-------- Material to process --------
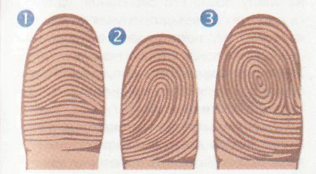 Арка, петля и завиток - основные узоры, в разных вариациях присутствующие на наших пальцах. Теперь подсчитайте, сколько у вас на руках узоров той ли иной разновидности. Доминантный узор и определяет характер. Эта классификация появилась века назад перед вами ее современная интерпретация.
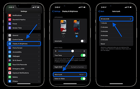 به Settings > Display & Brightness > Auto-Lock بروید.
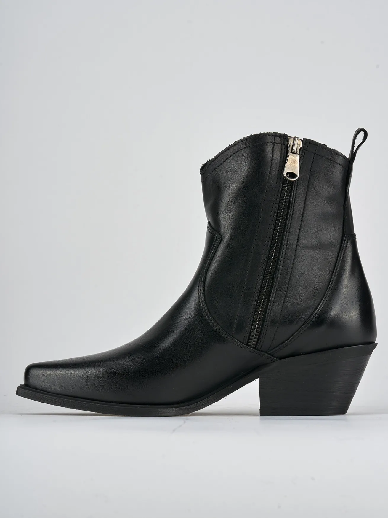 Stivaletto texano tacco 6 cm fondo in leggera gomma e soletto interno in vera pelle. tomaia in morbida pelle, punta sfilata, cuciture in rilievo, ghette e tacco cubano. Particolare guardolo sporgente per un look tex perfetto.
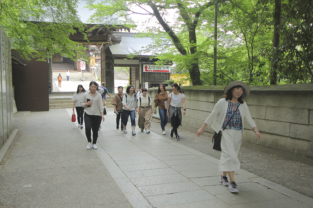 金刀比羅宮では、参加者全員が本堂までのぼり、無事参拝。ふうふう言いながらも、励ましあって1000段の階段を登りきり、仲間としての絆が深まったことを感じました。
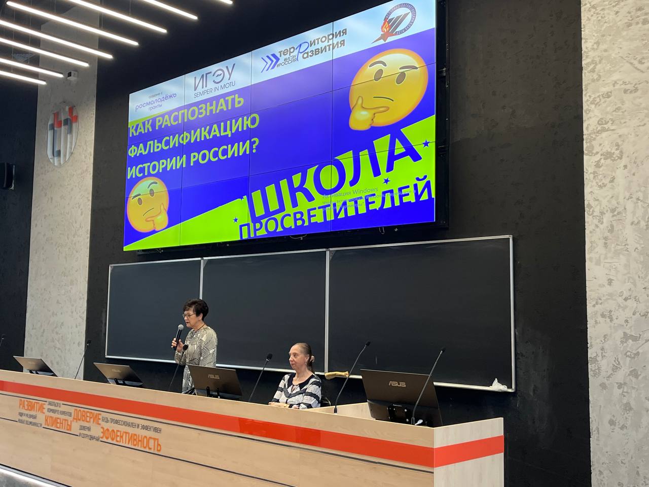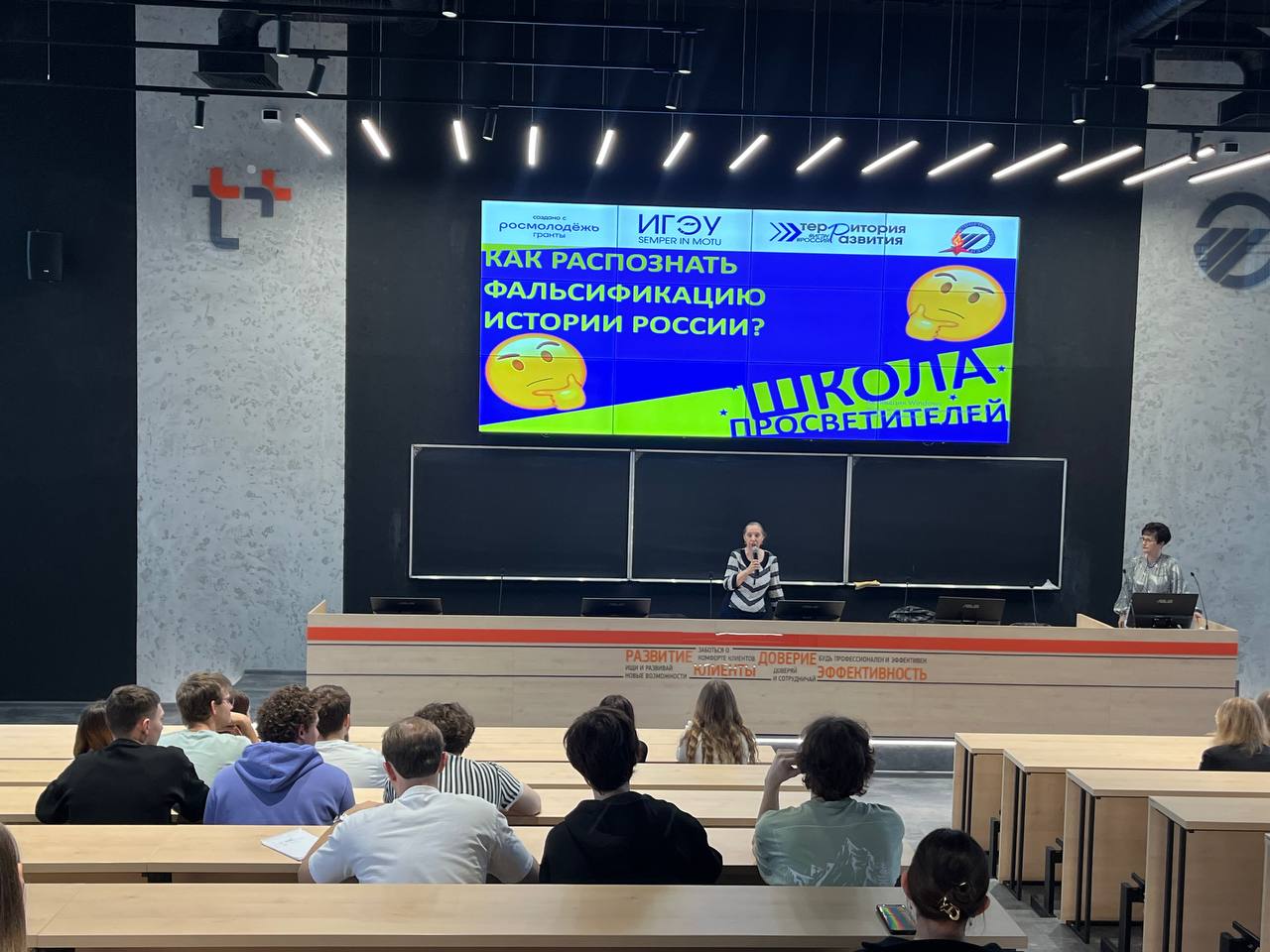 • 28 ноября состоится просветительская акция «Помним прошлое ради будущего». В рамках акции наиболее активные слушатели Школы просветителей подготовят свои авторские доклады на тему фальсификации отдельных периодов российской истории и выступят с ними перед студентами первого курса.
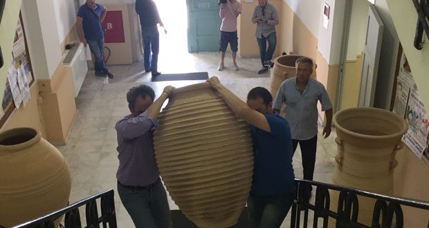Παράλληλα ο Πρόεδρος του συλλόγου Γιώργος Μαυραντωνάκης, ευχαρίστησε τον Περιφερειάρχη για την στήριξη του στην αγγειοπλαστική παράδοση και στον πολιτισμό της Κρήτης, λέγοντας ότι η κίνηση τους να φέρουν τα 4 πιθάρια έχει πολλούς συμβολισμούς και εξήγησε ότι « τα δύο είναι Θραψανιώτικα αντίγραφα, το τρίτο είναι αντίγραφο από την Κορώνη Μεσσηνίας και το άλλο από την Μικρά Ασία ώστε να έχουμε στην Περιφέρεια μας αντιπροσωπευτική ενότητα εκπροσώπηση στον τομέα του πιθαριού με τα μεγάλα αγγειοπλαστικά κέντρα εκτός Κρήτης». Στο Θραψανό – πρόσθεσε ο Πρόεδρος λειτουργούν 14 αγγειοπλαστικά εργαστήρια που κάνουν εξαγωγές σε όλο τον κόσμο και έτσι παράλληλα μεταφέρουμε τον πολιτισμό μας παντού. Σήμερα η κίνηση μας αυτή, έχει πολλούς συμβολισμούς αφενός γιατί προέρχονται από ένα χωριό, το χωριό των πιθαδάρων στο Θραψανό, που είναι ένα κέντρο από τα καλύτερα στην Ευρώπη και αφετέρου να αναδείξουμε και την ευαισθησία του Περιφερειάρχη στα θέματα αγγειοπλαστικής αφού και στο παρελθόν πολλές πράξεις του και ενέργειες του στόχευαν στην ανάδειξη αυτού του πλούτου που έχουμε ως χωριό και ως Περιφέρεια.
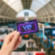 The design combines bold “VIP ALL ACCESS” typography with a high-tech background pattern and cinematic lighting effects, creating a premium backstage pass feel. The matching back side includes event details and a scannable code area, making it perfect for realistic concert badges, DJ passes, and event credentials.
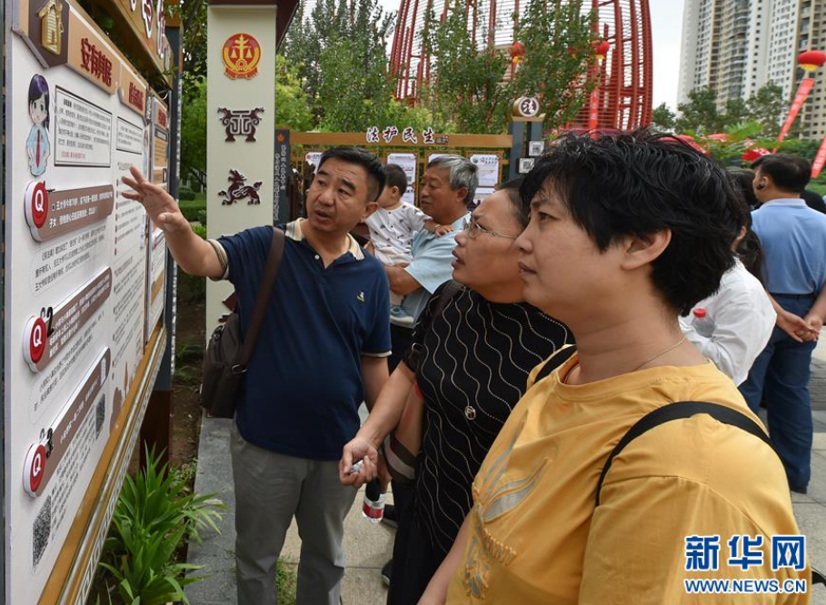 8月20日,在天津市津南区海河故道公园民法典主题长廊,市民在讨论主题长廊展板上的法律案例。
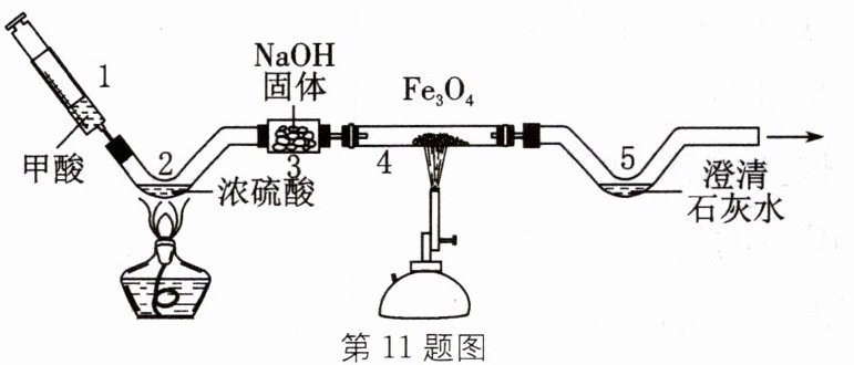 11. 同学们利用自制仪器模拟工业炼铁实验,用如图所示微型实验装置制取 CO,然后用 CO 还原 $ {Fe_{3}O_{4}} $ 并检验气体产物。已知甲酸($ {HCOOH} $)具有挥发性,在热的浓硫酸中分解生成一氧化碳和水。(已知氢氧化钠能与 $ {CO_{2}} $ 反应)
--------
Exercise instructions »
The needed output is the lines from the one with "The design combines" through the end of the listing, written out exactly, both ends included, pictures excluded.

Response area »
 The design combines bold “VIP ALL ACCESS” typography with a high-tech background pattern and cinematic lighting effects, creating a premium backstage pass feel. The matching back side includes event details and a scannable code area, making it perfect for realistic concert badges, DJ passes, and event credentials.
 8月20日,在天津市津南区海河故道公园民法典主题长廊,市民在讨论主题长廊展板上的法律案例。
 11. 同学们利用自制仪器模拟工业炼铁实验,用如图所示微型实验装置制取 CO,然后用 CO 还原 $ {Fe_{3}O_{4}} $ 并检验气体产物。已知甲酸($ {HCOOH} $)具有挥发性,在热的浓硫酸中分解生成一氧化碳和水。(已知氢氧化钠能与 $ {CO_{2}} $ 反应)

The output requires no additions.